» Assignment: From the line with "20% полиэстер. 901902" through the line with "- Możliwość przearanżowania", inclusive, return each line of the data below exactly and leave the rest out.
Input data START
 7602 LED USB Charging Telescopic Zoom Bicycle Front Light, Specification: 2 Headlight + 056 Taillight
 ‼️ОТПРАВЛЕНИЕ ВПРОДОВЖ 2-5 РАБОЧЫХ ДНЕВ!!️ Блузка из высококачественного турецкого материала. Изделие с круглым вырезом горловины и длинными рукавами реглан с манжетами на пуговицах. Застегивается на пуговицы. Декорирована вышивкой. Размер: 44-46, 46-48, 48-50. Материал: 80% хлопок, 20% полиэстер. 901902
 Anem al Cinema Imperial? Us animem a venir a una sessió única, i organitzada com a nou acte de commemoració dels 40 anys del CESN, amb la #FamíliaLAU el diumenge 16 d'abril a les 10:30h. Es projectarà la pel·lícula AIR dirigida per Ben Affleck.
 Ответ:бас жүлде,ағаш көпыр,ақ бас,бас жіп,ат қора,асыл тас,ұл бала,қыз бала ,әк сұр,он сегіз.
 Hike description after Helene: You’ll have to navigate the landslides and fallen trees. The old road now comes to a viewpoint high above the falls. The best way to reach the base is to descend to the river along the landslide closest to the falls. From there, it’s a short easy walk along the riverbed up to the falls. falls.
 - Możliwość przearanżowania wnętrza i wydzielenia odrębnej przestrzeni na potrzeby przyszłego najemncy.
Input data END
Input data START
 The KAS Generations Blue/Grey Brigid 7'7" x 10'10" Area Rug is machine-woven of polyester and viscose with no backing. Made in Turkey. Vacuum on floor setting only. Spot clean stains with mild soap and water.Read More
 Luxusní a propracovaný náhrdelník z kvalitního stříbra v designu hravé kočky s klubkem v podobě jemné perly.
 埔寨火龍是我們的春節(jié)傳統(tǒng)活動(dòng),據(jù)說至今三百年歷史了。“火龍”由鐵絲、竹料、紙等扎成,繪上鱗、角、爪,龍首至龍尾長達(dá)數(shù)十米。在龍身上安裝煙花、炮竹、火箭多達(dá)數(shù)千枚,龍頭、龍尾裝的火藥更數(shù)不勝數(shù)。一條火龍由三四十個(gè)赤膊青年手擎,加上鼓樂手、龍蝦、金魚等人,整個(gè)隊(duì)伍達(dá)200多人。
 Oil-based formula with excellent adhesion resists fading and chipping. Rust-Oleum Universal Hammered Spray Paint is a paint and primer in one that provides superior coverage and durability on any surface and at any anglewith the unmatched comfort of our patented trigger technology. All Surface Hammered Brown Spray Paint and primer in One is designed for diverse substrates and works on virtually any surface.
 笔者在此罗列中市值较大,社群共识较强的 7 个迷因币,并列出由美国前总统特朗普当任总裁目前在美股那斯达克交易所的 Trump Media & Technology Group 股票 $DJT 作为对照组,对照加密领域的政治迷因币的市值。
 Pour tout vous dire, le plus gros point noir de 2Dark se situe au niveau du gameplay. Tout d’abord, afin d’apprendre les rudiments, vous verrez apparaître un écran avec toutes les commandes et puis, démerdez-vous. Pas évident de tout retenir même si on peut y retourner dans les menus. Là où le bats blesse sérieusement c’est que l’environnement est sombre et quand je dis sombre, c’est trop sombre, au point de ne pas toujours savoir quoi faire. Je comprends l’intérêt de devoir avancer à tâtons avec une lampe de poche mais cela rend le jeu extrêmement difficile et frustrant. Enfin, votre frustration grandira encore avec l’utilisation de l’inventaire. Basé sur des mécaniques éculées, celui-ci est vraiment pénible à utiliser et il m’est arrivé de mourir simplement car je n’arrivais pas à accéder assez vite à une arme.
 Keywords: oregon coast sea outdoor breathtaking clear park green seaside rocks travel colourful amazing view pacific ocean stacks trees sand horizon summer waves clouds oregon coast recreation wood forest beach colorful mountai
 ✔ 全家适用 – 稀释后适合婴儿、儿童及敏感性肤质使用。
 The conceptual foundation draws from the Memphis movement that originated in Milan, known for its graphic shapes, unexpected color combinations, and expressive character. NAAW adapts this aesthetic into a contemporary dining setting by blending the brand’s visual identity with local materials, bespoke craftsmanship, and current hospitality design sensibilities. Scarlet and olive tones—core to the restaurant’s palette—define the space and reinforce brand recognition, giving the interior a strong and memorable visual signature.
Input data END
» Solution to the exercise:
 ‼️ОТПРАВЛЕНИЕ ВПРОДОВЖ 2-5 РАБОЧЫХ ДНЕВ!!️ Блузка из высококачественного турецкого материала. Изделие с круглым вырезом горловины и длинными рукавами реглан с манжетами на пуговицах. Застегивается на пуговицы. Декорирована вышивкой. Размер: 44-46, 46-48, 48-50. Материал: 80% хлопок, 20% полиэстер. 901902
 Anem al Cinema Imperial? Us animem a venir a una sessió única, i organitzada com a nou acte de commemoració dels 40 anys del CESN, amb la #FamíliaLAU el diumenge 16 d'abril a les 10:30h. Es projectarà la pel·lícula AIR dirigida per Ben Affleck.
 Ответ:бас жүлде,ағаш көпыр,ақ бас,бас жіп,ат қора,асыл тас,ұл бала,қыз бала ,әк сұр,он сегіз.
 Hike description after Helene: You’ll have to navigate the landslides and fallen trees. The old road now comes to a viewpoint high above the falls. The best way to reach the base is to descend to the river along the landslide closest to the falls. From there, it’s a short easy walk along the riverbed up to the falls. falls.
 - Możliwość przearanżowania wnętrza i wydzielenia odrębnej przestrzeni na potrzeby przyszłego najemncy.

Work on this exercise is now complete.